Vingertje-Lik

Er woont een prinsesje, hier heel ver vandaan

met handschoentjes aan, en een manteltje aan,

en schoentjes van goud, en een zilveren strik.

Dat kleine prinsesje heet: Vingertje-Lik.

Is ‘Vingertje-Lik’ dan een naam voor prinsesjes?

Zo heet ze, omdat ze zo snoept van de besjes,

en van de framboosjes en van de garnalen!

Omdat ze haar vingertje steekt in de schalen,

in iedere pan en in iedere kom,

daarom heet ze Vingertje-Lik, daarom.

Op eerste paasdag kwam het kleine prinsesje

om kwart over zeven precies uit haar nestje;

het venster stond open, een vogeltje zong er,

maar Vingertje-Lik had alleen maar weer honger.

Ze wilde niet uit. Ze had lak aan de lente,

want ‘t rook in de keuken zo heerlijk naar krenten,

naar room en amandeltjes, boter en honing…

Zo ruikt het met Pasen altijd bij een koning.

Er was nog geen mens, en de keuken was leeg,

maar daar op de vloer stond een tobbe met deeg.

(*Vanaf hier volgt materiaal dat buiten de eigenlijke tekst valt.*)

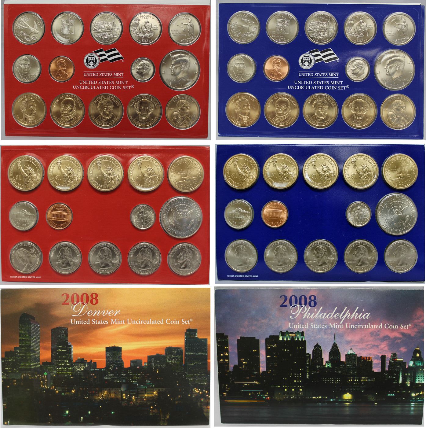 2008 United States Mint Set in Original Government Packaging! 28 Coins Inside!. The 2008 Mint Set included 28 coins, this year included the final five releases in the long running 50 State Quarters Program. The 2008 Mint Sets included 14 coins each from the Philadelphia and Denver Mints covering denominations from one cent to one dollar. The coins with rotating designs were the Presidential Dollars featuring James Monroe, John Quincy Adams, Andrew Jackson, and Martin Van Buren; and the State Quarters featuring Oklahoma, New Mexico, Arizona, Alaska, and Hawaii. Rounding out the set were the coins featuring static designs, the Lincoln Cent, Jefferson Nickel, Roosevelt Dime, Kennedy Half Dollar, and Sacagawea Dollar. Packaging remained similar in style to the previous year, although the images were updated to show views of the city line at dusk. These folders opened to reveal all 28 coins sealed in blister packs, which allowed the obverse and reverses to remain visible. Coin specification information and a certificate of authenticity were included on the back of the illustrated flap.
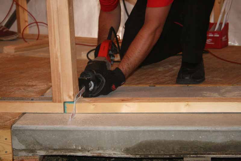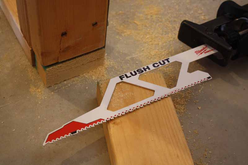 Cutting out a footer 2×4 for a door was a much more impressive demo. The flush cut blade allows you to get right down flush and the twin floor guards which sit lower than the teeth stop the blade from eating through into the floor and damaging the teeth on concrete, etc.
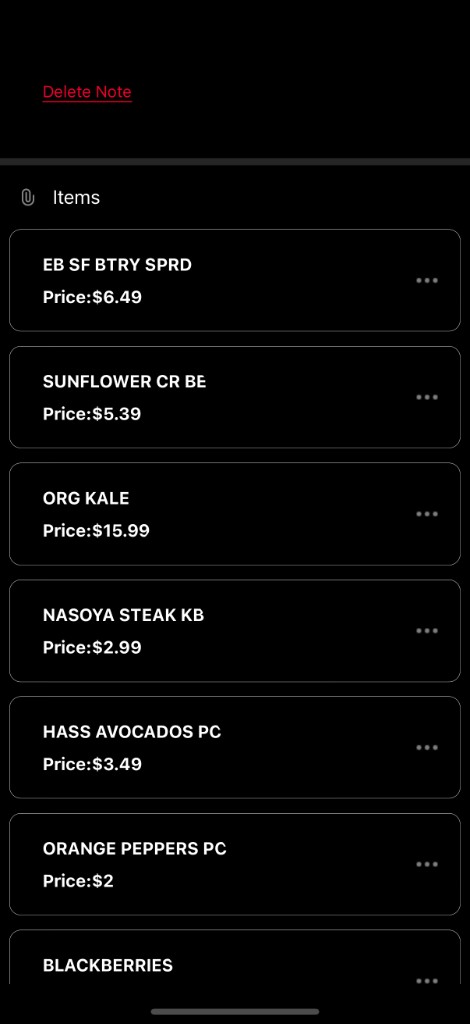Each receipt's line items are extracted and stored as a structured list. Users can view individual groceries with names and prices — the raw data that feeds category breakdowns and community analytics.
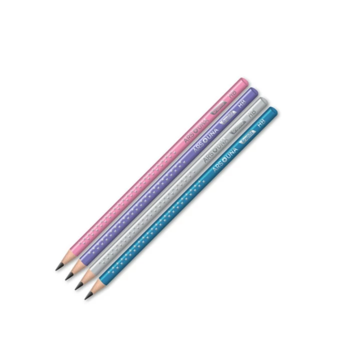 Ezek a különleges, több színváltozatban is elérhető Ars Una prémium grafitceruzák egyaránt elnyerik majd a gyerekek és felnőttek tetszését. A csillag mintával dekorált grafitok kiemelkedő minőségükkel a legmagasabb elvárásoknak is megfelelnek. Az Ars Una prémium minőségű grafitceruzái remekül használhatók az iskolában, otthon vagy akár irodai munkára is. A háromszögletű kialakítás kényelmes fogást biztosít a használat során. A ceruza minőségi faanyagból készült és törésbiztos heggyel lett töltve. A HB hegykeménység a legáltalánosabb, minden célra remekül használható típus.
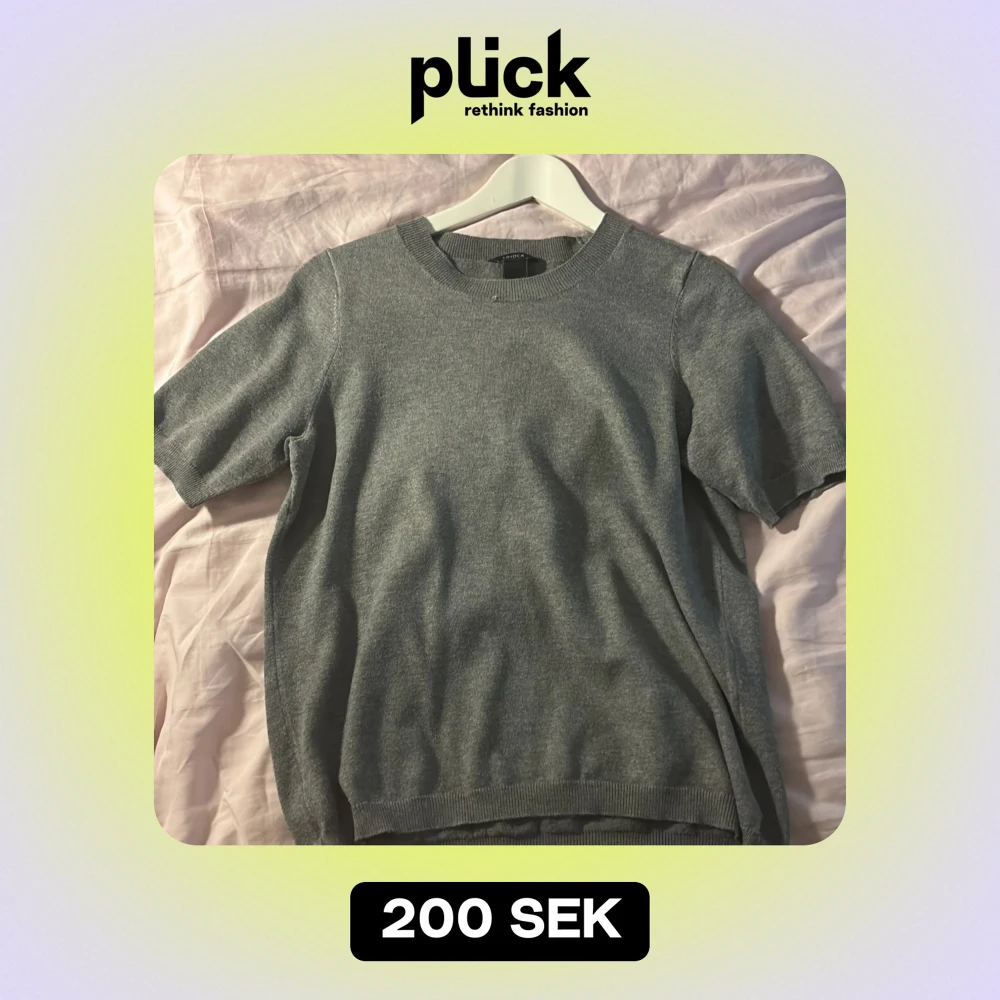 Säljer en stilren grå tröja i mjukt material. Perfekt för både vardag och lite finare tillfällen. Den har korta ärmar och en rund halsringning. Passar bra till jeans eller kjol för en avslappnad look.
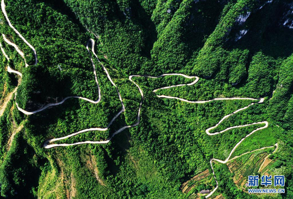 這是重慶市巫山縣下莊村通往外界的公路(2020年7月3日攝,無(wú)人機(jī)照片)。新華社記者 王全超 攝
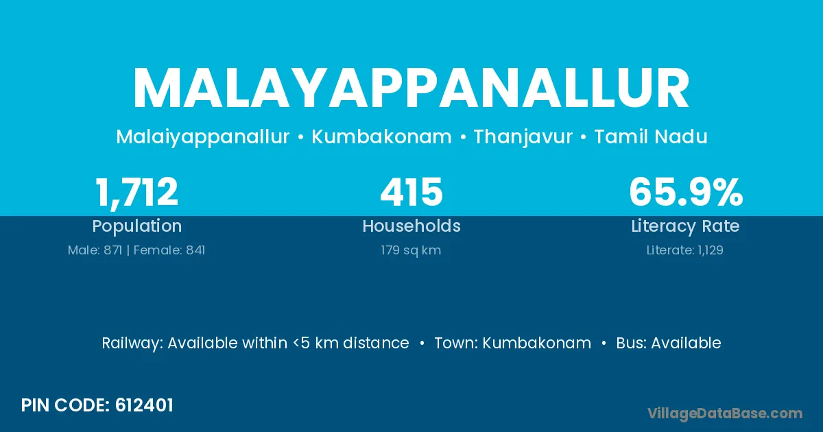 Kumbakonam is the nearest town to Malayappanallur village for major economic activities
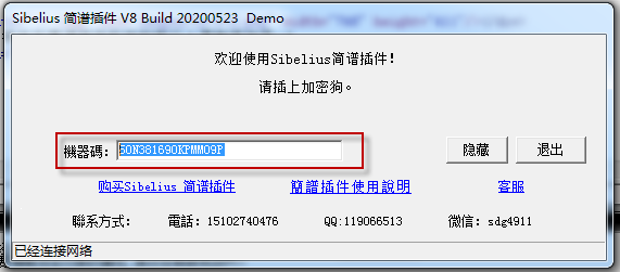 购买简谱插件后在加密狗邮寄期间可以使用网络临时授权,做到即买即用。
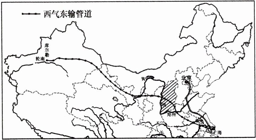 (1)“西气东输”主干管道西起新疆的轮南油气田,东到________。
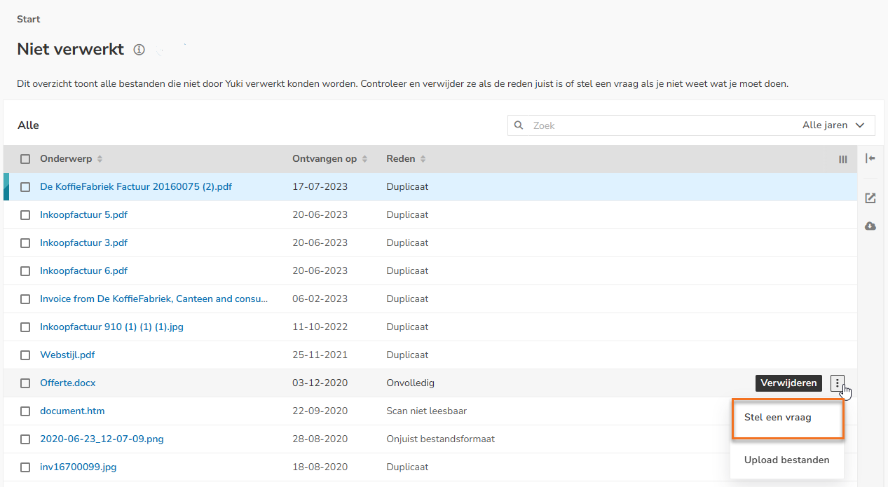 It can happen that certain documents or files you send to Yuki cannot be processed by the back office. This may be due to a number of reasons:

Kom, eventjes proeven, zei Vingertje-Lik.

Ze klom op de rand en…o jee, wat een schrik!

Daar viel ze pardoes in het taartenbeslag…

die Vingertje-Lik! Och, och, och…Ach, ach, ach!

Haar vader en moeder, dat spreekt vanzelf,

die waren pas op zo om kwart over elf,

ze zeiden direct met veel angst en veel beven:

Waar zou toch ons Vingertje-Lik zijn gebleven?

Ze gingen aan ‘t zoeken, ze zochten als gekken,

in hoeken en gaten, in alle vertrekken…

Ze zochten de tuin door, tot kwart over twee,

en toen was het tijd voor het grote diner!

Daar kwamen de gasten al: veertien baronnen

en zeven gravinnen, in kanten japonnen!

Eerst aten ze soep en een paasomelet,

en toen werd de taart op de tafel gezet.

De koningin zuchtte maar, elk ogenblik:

Waar zou ze toch wezen? Mijn Vingertje-Lik…

Komaan, zei de koning, het mes er maar in!

U houdt toch van roomtaart, hè lieve gravin?

Toen nam hij het mes om de taart aan te snijden,

maar o, wat een wonder! De taart stond te schreien!

De taart stond te huilen, de taart gaf geluid!

En duidelijk hoorde men: Ik wil eruit!

Ze sneden de taart aan; wat kwam er naar buiten?

Ten eerste een hele stroom tranen. Met tuiten.

Toen kwam er een voetje, dat heuselijk leefde,

en toen het prinsesje, dat vreselijk kleefde.

En iedereen juichte, en ieder stond paf,

toen Vingertje-Lik hun een handje gaf.

Ziezo, zei de koning, en nu tot je straf:

nu lik jij jezelf maar eens helemaal af!